[Data records]
▼

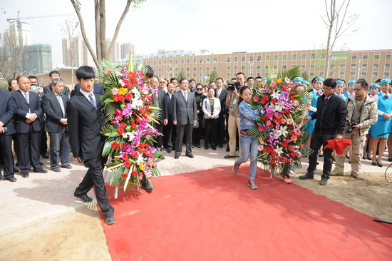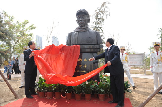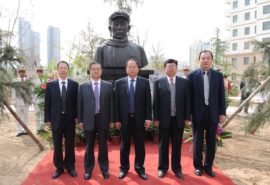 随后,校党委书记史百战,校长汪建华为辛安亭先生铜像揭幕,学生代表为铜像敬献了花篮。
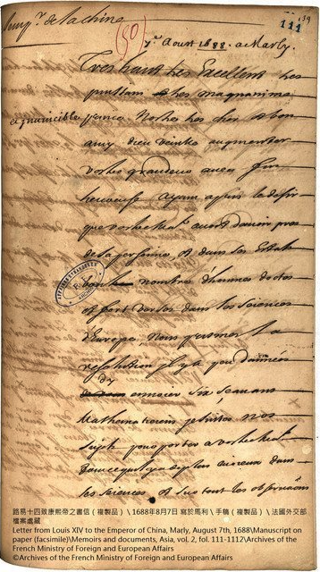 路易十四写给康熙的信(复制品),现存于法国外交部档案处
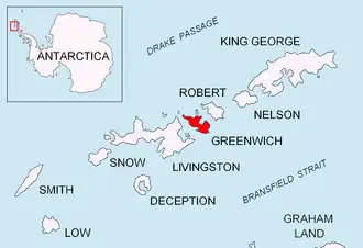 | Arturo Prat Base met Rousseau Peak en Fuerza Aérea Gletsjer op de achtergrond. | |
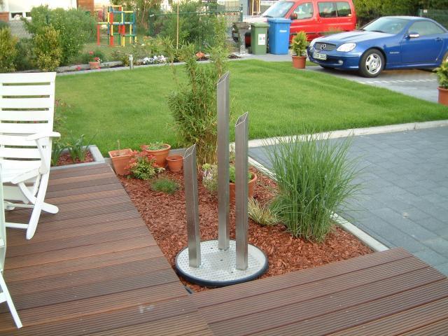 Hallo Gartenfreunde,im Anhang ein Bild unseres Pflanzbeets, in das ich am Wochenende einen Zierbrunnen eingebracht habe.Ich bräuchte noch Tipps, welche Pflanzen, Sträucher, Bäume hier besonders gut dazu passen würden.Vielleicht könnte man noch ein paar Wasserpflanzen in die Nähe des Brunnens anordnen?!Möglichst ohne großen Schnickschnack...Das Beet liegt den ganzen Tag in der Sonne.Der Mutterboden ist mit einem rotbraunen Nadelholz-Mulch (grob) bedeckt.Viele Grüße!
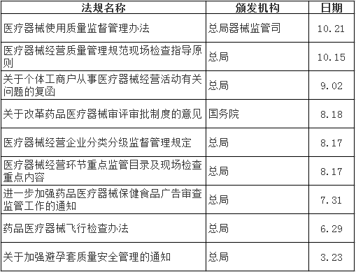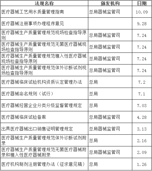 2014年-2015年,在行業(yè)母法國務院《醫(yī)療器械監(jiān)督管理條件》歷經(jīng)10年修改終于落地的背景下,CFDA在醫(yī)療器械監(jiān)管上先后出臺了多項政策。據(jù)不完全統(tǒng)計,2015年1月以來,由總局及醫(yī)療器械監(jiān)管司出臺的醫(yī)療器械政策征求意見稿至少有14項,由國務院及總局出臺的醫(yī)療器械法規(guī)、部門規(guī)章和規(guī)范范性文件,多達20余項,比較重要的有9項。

▲

• **TASK DESCRIPTION**:
Write out the records above exactly. Begin with the first line, end with the line holding "achtergrond. | |", and drop the pictures.

• **SOLUTION**:
 随后,校党委书记史百战,校长汪建华为辛安亭先生铜像揭幕,学生代表为铜像敬献了花篮。
 路易十四写给康熙的信(复制品),现存于法国外交部档案处
 | Arturo Prat Base met Rousseau Peak en Fuerza Aérea Gletsjer op de achtergrond. | |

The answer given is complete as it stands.